Fique a conhecer a magnifica história de Regina Quintanilha, a primeira advogada portuguesa a exercer em tribunal.
Ao longo da nossa história, muitas mulheres portugueses tiveram de superar as dificuldades do seu tempo para imporem os seus direitos. Em diversas áreas, foram surgindo mulheres que mostraram o seu valor num contexto adverso, dominado por homens que não queriam ver o seu trabalho superado por pessoas do género feminino.
O machismo e a desigualdade ainda podem ser vistos na atualidade, mas são “meros resquícios” quando comparados com as dificuldades que mulheres de outros tempos enfrentaram. Por isso, os seus méritos devem ser reconhecidos. Elas abriram caminho para que outras mulheres portugueses a pudessem seguir sem sentir tantos obstáculos ao longo do percurso.

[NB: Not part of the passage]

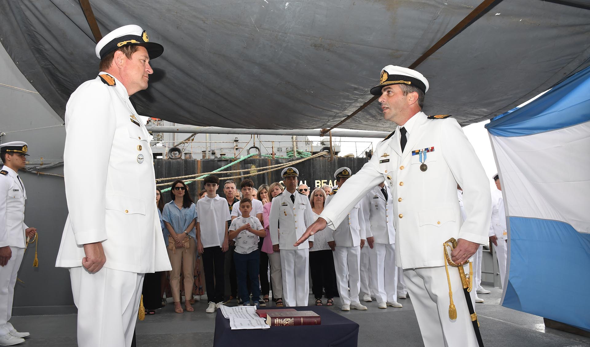 El acto estuvo presidido por el Comandante Naval, Anfibio y Logístico, Capitán de Navío Fernando Pablo González, quien estuvo acompañado por los comandantes entrante y saliente, por la dotación del buque, familiares e invitados especiales.
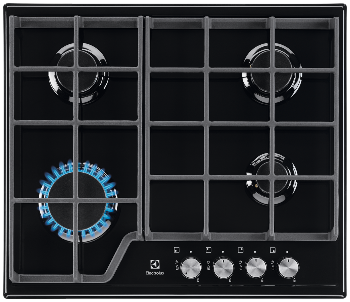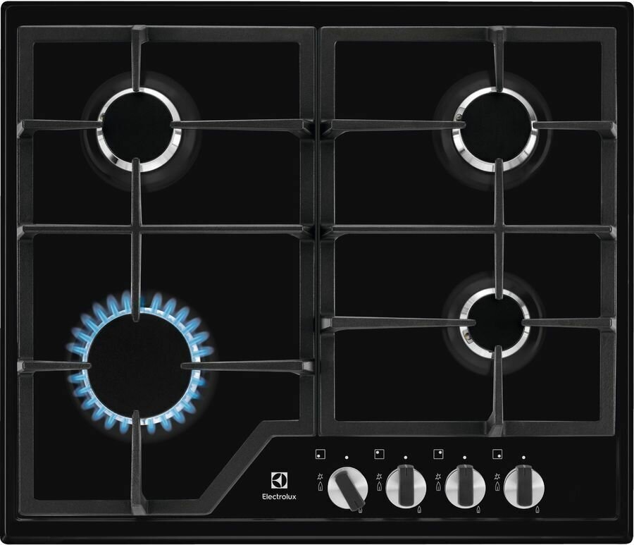 Газовая варочная поверхность Electrolux GRE263MB- Он состоит из 4-х конфорок мощностью 1,2 и 3 кВт, установленных на стальной эмалированной столешнице. Все горелки оснащены опцией газового контроля. Это означает, что при тушении пожара тягой автоматически прекращается подача топлива.

Uma dessas mulheres especiais foi Regina Quintanilha. Fique a conhecer uma das mulheres portuguesas pioneiras. Conseguiu ser a primeira pessoa do género feminino a exercer advocacia no tribunal.
Regina Quintanilha, a primeira advogada portuguesa a exercer em tribunal
Nascimento e família
Regina Quintanilha nasceu no dia nasceu a 9 de maio de 1893. O nome completo desta mulher portuguesa era Regina da Glória Pinto de Magalhães Quintanilha de Sousa e Vasconcelos.
Regina Quintanilha era membro de uma família com condições especiais, que lhe proporcionaram uma educação privilegiada. O pai de Regina Quintanilha foi Francisco António Fernandes Quintanilha, pessoa que descendia de uma família antiga abastada, uma família transmontana oriunda de Miranda do Douro.
A sua mãe era Joséfa Ernestina Pinto de Magalhães, uma pessoa descendente da casa de Sabrosa, que teve ligação ao grande navegador Fernão de Magalhães.
Estudos
Em 1910, a escolaridade obrigatória era dos 7 aos 11 anos. Na época, defendia-se que às mulheres bastava ser administrado uma instrução elementar. O seu objetivo “devia ser” que se tornassem boas esposas e mães.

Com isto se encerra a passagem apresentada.